◆ **Listed records**

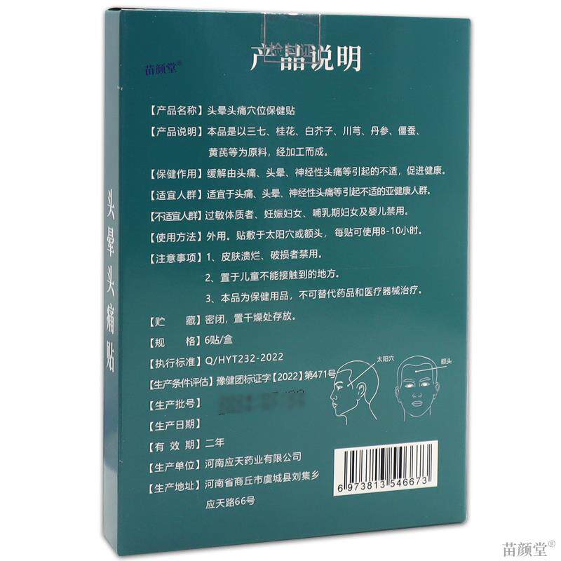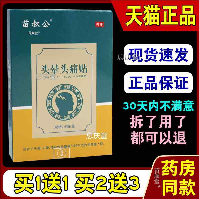 📚 苗叔公头晕头痛贴穴位保健贴6贴/盒【天猫正品】神经头痛头晕引起
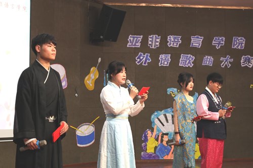 本次外语歌曲大赛的开展不仅是为同学们提供了一个展示自己外语和歌唱水平的舞台,更是为同学们创造了一个锻炼和提升外语的运用能力的机会。本次比赛的目的在于寓学于乐,在激发了同学们在生活中学习、运用外语的兴趣的同时,让同学们对自己所学语言之美有了更加深刻的体会。
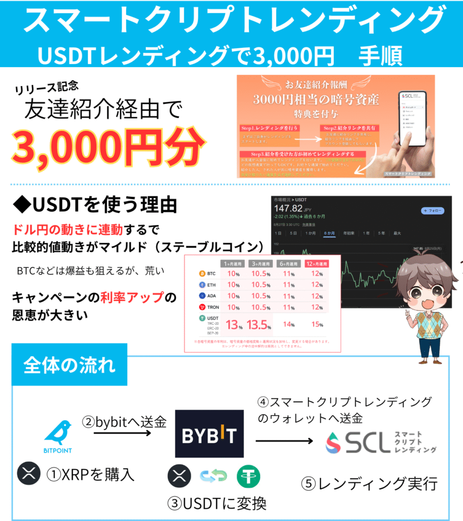 - BybitからUSDTをスマートクリプトレンディングに送金(手数料1USDT)
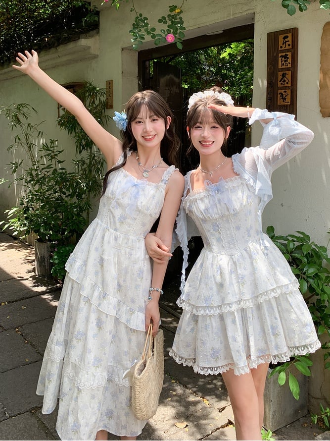 Hellblauer Stufenrock mit Spitzenbesatz, kurze Version, geblümtes Camisole-Kleid mit Schnürung am Rücken
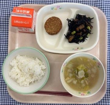 今日の給食献立は、白ごはん・メンチカツ・ひじきの煮物・野菜たくさん粕汁・牛乳でした。
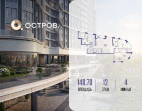 Продаётся четырехкомнатная квартира от застройщика: общая площадь 148.70 м², жилая 50.40 м², кухня 43.10 м², 12, жилой квартал "Остров 7", корпус 5 (7 квартал) (секция 1). срок сдачи: 4-кв. 2025.
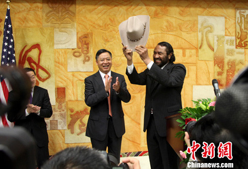当地时间6月13日,美国联邦众议院艾尔·格林向履新的中国驻休斯敦总领事李强民赠送得克萨斯州标志性的牛仔帽。中新社发 王欢 摄
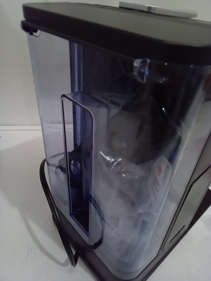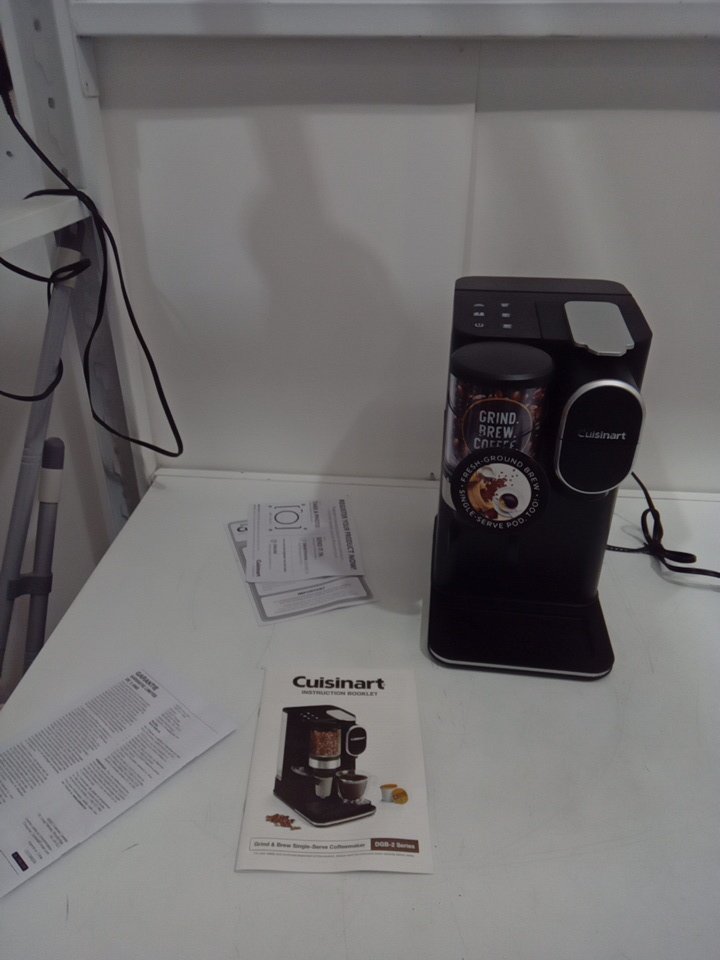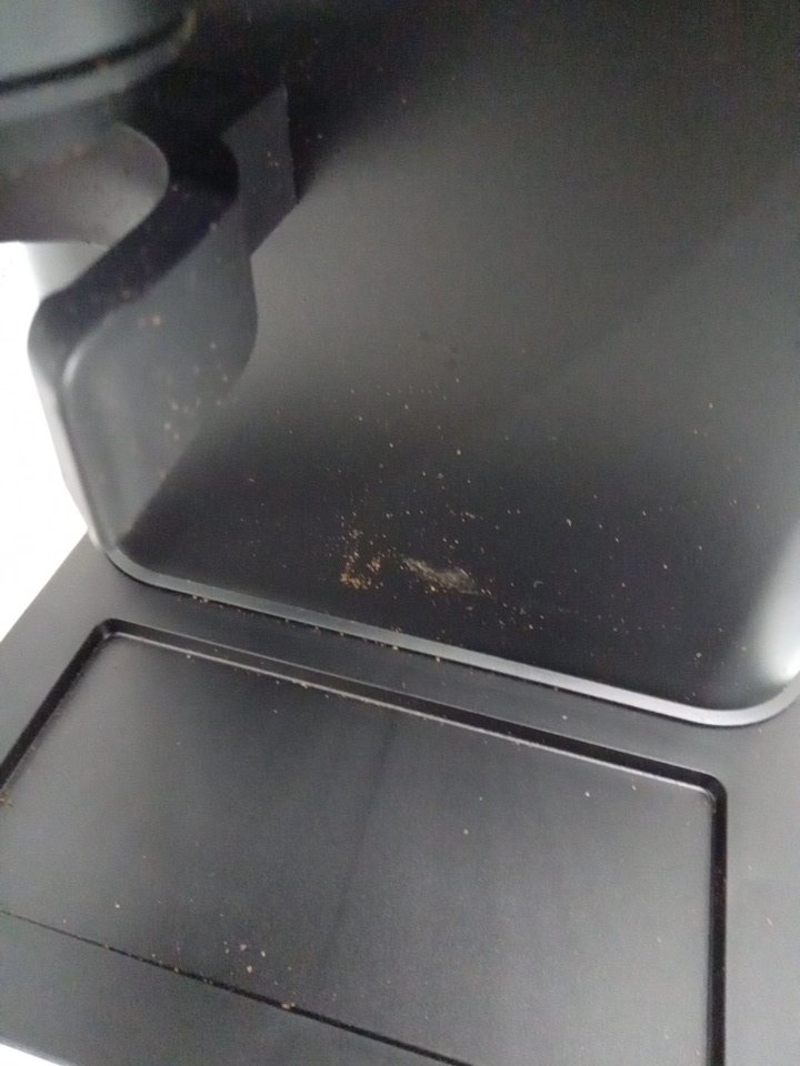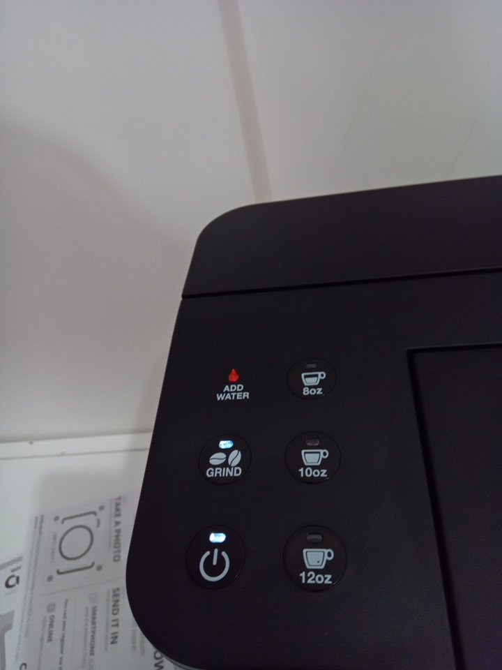 tested for power. appears to have some coffee grinds on the front of the machine.
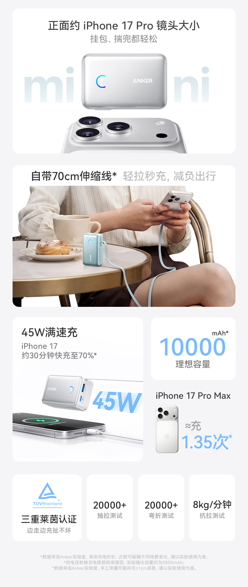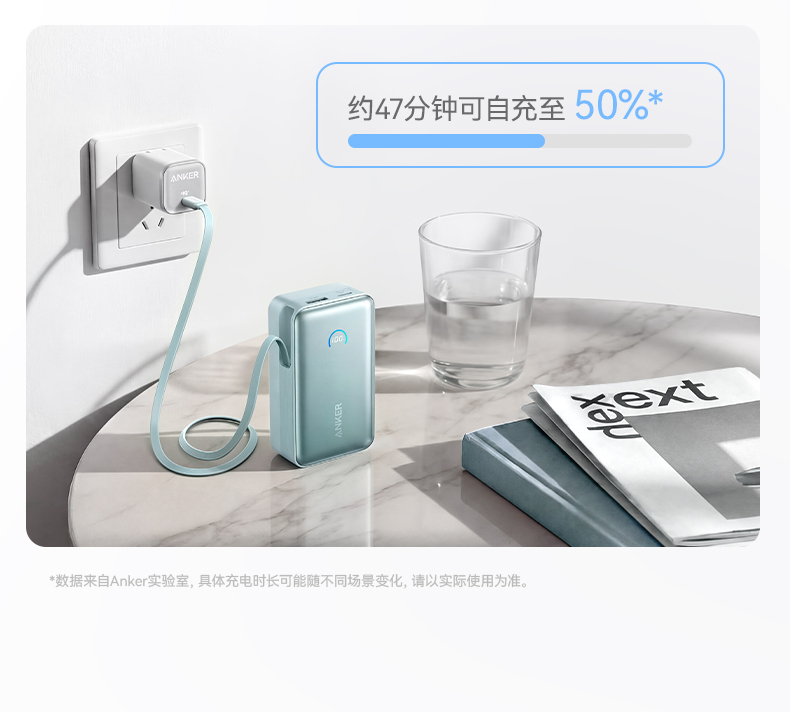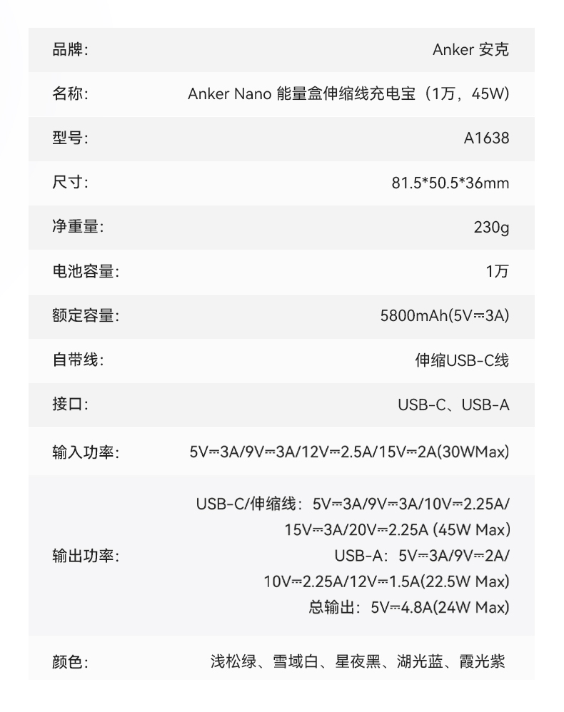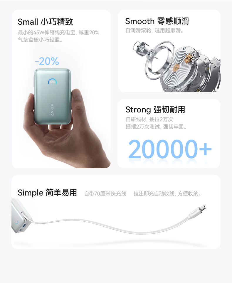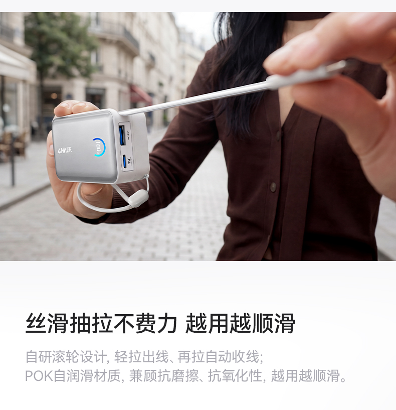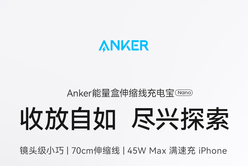 Anker安克 45W自带伸缩线能量盒充电宝 10000mAh 适配苹果手机飞机可携带 A1638

◆ **Exercise directions**
Repeat the lines exactly, starting with the line that contains "本次外语歌曲大赛的开展不仅是" and ending with the last line of the entries. Keep both of those lines but no pictures.

◆ **Solution below**
 本次外语歌曲大赛的开展不仅是为同学们提供了一个展示自己外语和歌唱水平的舞台,更是为同学们创造了一个锻炼和提升外语的运用能力的机会。本次比赛的目的在于寓学于乐,在激发了同学们在生活中学习、运用外语的兴趣的同时,让同学们对自己所学语言之美有了更加深刻的体会。
 - BybitからUSDTをスマートクリプトレンディングに送金(手数料1USDT)
 Hellblauer Stufenrock mit Spitzenbesatz, kurze Version, geblümtes Camisole-Kleid mit Schnürung am Rücken
 今日の給食献立は、白ごはん・メンチカツ・ひじきの煮物・野菜たくさん粕汁・牛乳でした。
 Продаётся четырехкомнатная квартира от застройщика: общая площадь 148.70 м², жилая 50.40 м², кухня 43.10 м², 12, жилой квартал "Остров 7", корпус 5 (7 квартал) (секция 1). срок сдачи: 4-кв. 2025.
当地时间6月13日,美国联邦众议院艾尔·格林向履新的中国驻休斯敦总领事李强民赠送得克萨斯州标志性的牛仔帽。中新社发 王欢 摄
 tested for power. appears to have some coffee grinds on the front of the machine.
 Anker安克 45W自带伸缩线能量盒充电宝 10000mAh 适配苹果手机飞机可携带 A1638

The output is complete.